++++ Given entries ++++

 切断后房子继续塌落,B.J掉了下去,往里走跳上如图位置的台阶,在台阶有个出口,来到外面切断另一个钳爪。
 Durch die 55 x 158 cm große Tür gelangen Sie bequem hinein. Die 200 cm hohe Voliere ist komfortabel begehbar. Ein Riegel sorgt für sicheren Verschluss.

++++
++++ Given entries ++++

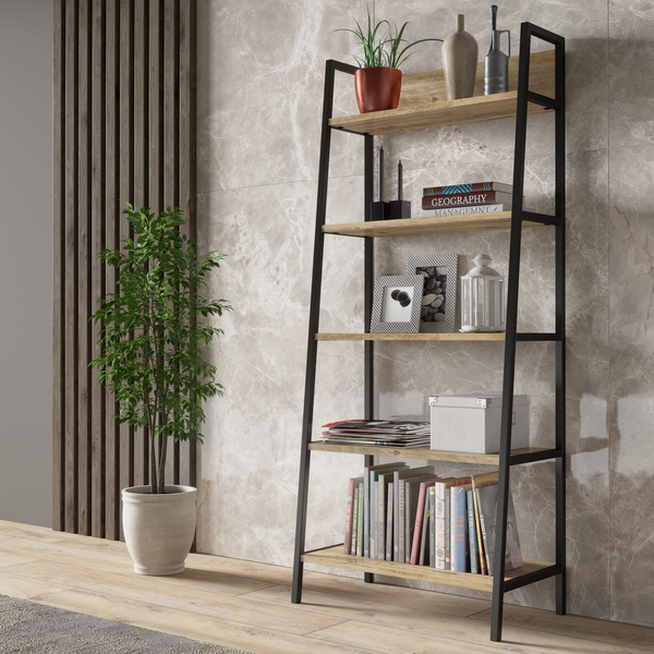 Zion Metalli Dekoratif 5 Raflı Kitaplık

++++
++++ Given entries ++++

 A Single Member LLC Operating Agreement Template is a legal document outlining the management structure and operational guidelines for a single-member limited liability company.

++++

Your task. The entries above hold a line with "切断后房子继续塌落,B.J掉" and a later line with "Durch die 55". Write out exactly those lines and all lines between, nothing more.

Your response.
 切断后房子继续塌落,B.J掉了下去,往里走跳上如图位置的台阶,在台阶有个出口,来到外面切断另一个钳爪。
 Durch die 55 x 158 cm große Tür gelangen Sie bequem hinein. Die 200 cm hohe Voliere ist komfortabel begehbar. Ein Riegel sorgt für sicheren Verschluss.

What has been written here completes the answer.